Electromyography (EMG, electromyography) is a clinical examination method with the help of which the electrical activity of individual or several muscle fibers can be objectively recorded simultaneously. This may be necessary in order to identify and more precisely limit damage in the muscular area.
In electromyography, the electrical activity of the muscle fibers can be dissipated either by a superficial electrode attached to the skin or by a needle electrode directly on the muscle. Two different types of needle electrodes are used. The monopolar electrode of electromyography serves as a measuring electrode, while an electrode glued to the skin serves as a reference electrode. With the concentric electrode, a fine wire is placed in the needle as the measuring electrode, while the needle sheath serves directly as the reference electrode. In both methods of electromyography (EMG), the voltage difference between the measuring and reference electrode is used for clinical evaluation.

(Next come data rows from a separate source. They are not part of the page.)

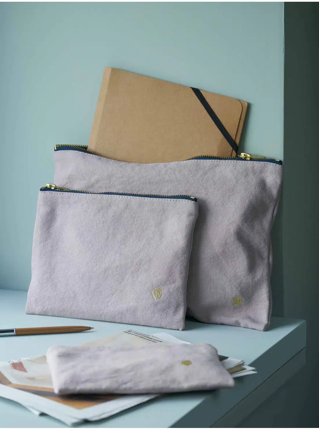 Als clutch, toilettasje of voor jouw e-reader? De pouch is multifunctioneel, mede door de waterdichte binnenkant en de dikke katoenen stof.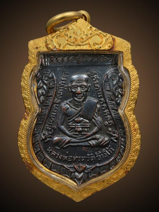 พระหลวงปู่ทวด วัดช้างให้ "หลังหนังสือใหญ่ พิมพ์หน้า ท." ปี ๒๕๐๘ (กะไหล่ทอง) |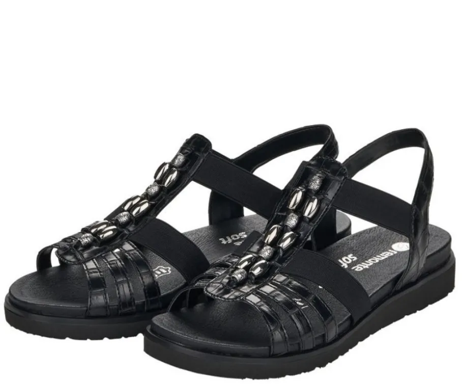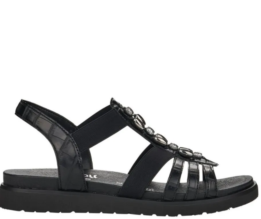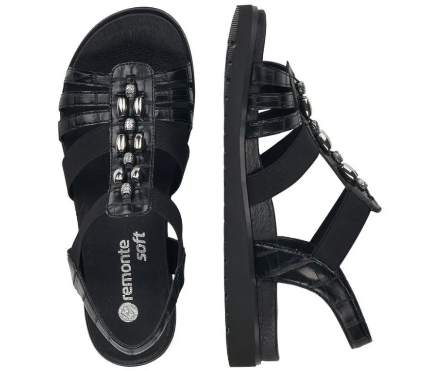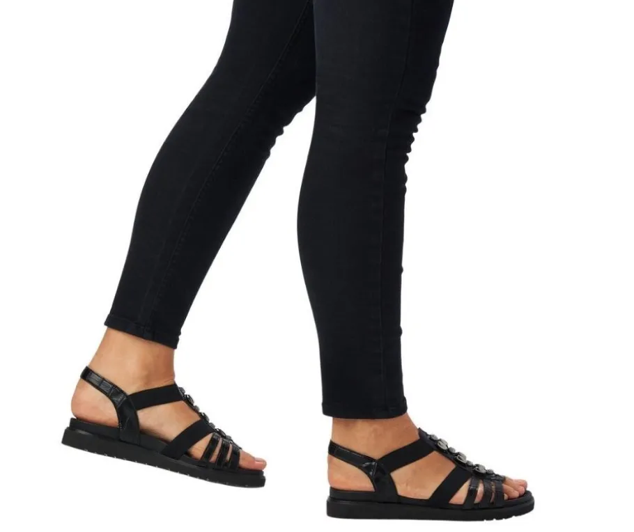 Naisten mustat Remonte-sandaalit joustovenykkeillä.
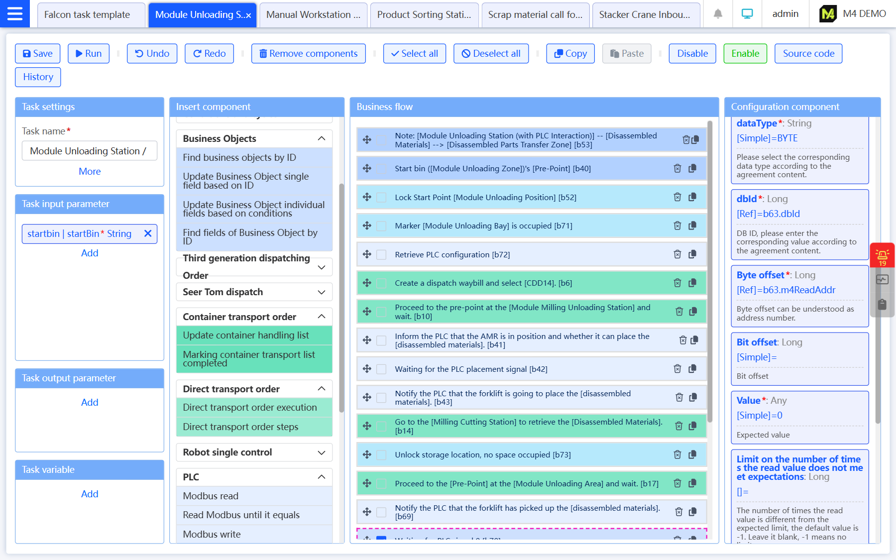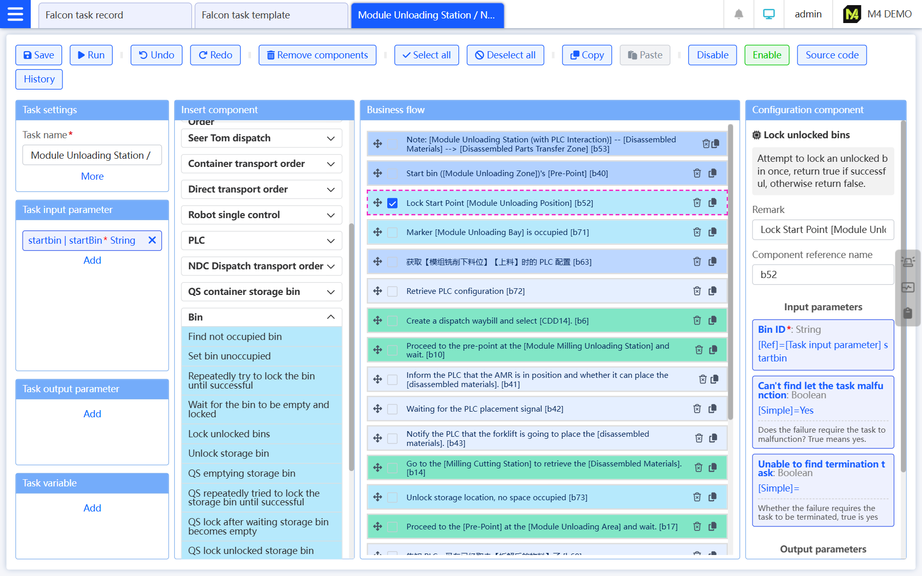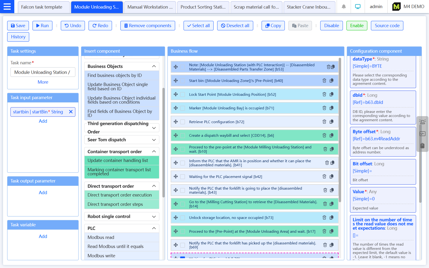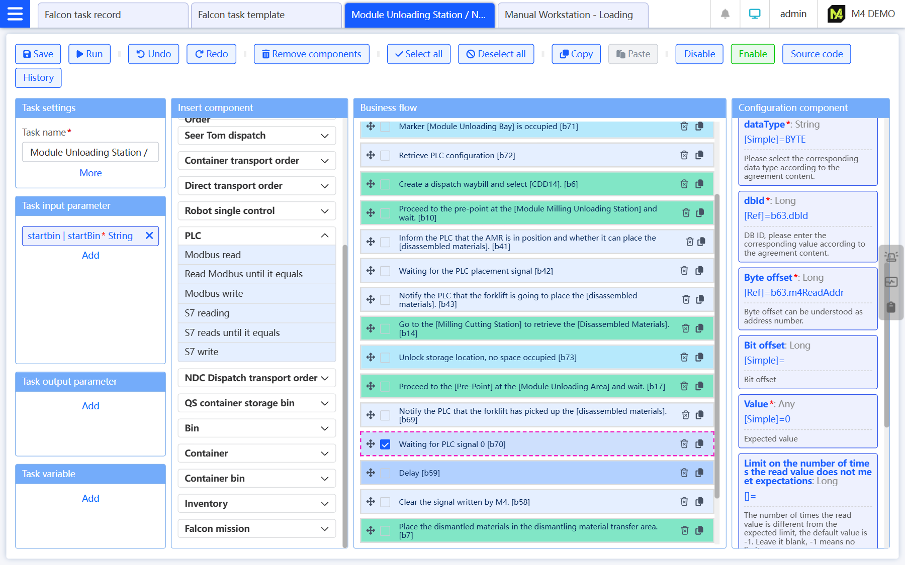 Falcon Task is a low-code task engine within the M4 system. It supports editing task action sequences through a visual interface, allowing users to quickly build complex business flows in a 'building block' style. It not only enables point-to-point transport but also handles complex business processes such as loop processing, parallel processing, multi-point transport, multi-robot collaboration, system interaction, device control, and warehouse inventory logic, like scheduled loading/unloading, replenishing empty pallets, and PLC device integration.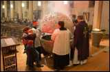Kurz vor Ende des Gottesdienstes richtete unsere ehemalige Mesnerin ihr Wort nochmals an die versammelte Gemeinde und berichtete über ihre Erlebnisse mit dem renovierungsbedürftigen Gotteshaus. Als ersten Schritt spendete sie selbst 500,- Euro für die Außensanierung der Kirche. Wenn es ihr Viele gleichtun, soll Schneeschippen auf dem Dachboden, wie sie selbst es einst hatte tun müssen, möglichst bald der Vergangenheit angehören, so hofft sie. Der Verein der ehemaligen Messdiener kam ihrem Wunsch gerne nach und spendete ebenfalls noch einmal 500,- Euro für die Sanierung der Kirche.
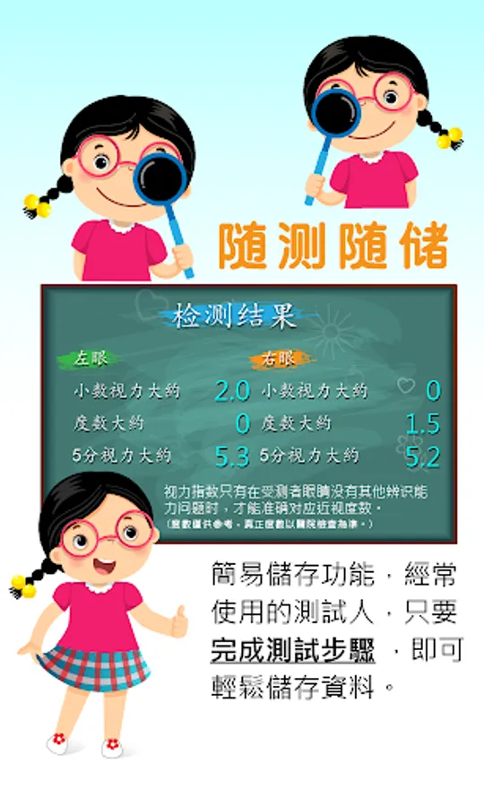 You can self-examine your vision, and the detection icons are randomly generated to prevent children from memorizing the icons and affecting the test results.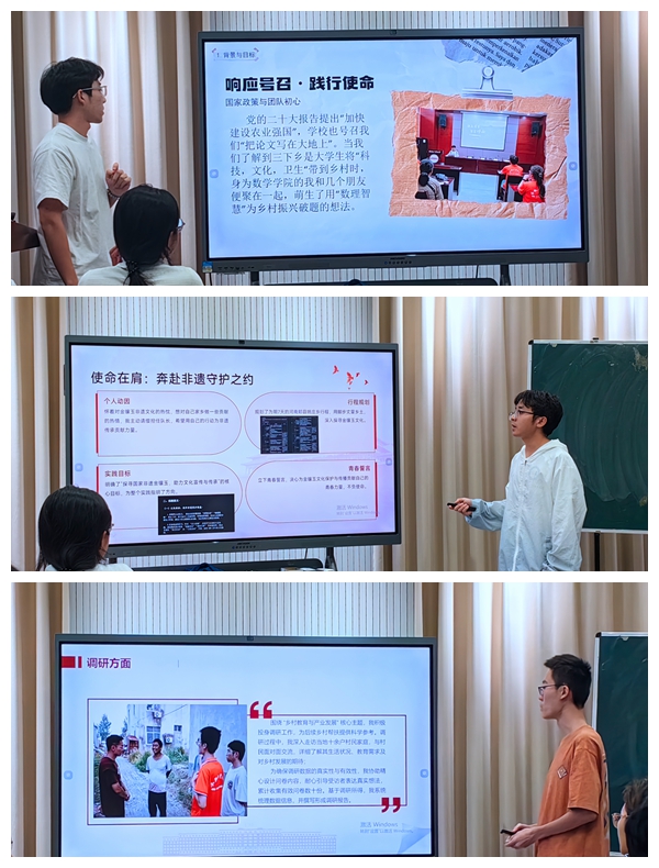 2025年9月22日晚19:30,数学学院于科教楼B座1711开展数学学院开展2025年暑期三下乡社会实践优秀个人及成果答辩工作,本次答辩评委邀请到马克思主义学院团委书记伊斯坎达尔·玉苏谱老师担任嘉宾,数学学院团委书记韩玉洁、2025级本科生新生5人共同担任评委。

A muscle is made up of many individual motor units, which can consist of a few to many muscle fibers, depending on the muscle type. Each of these motor units is controlled by a single nerve (anterior horn cell with axon). The more motor units a muscle has, the finer movements are possible, since many different motor units can be individually controlled by different nerves.
When a nerve (anterior horn cell) is controlled by the brain, all muscles belonging to this motor unit are discharged (depolarized) and contract, i.e. the muscle moves (contraction). The electrical activity that results from this movement is called the action potential of a motor unit (MUAP), since the electrical potentials of many individual muscle fibers are superimposed and recorded together. You can read more about the exact transmission of excitation to the muscles under “Motor End Plate”.
Risks of electromyography
Electromyography (EMG) is an invasive diagnostic method that is very widespread and rarely leads to complications such as bleeding, infection and injury to the nerve itself.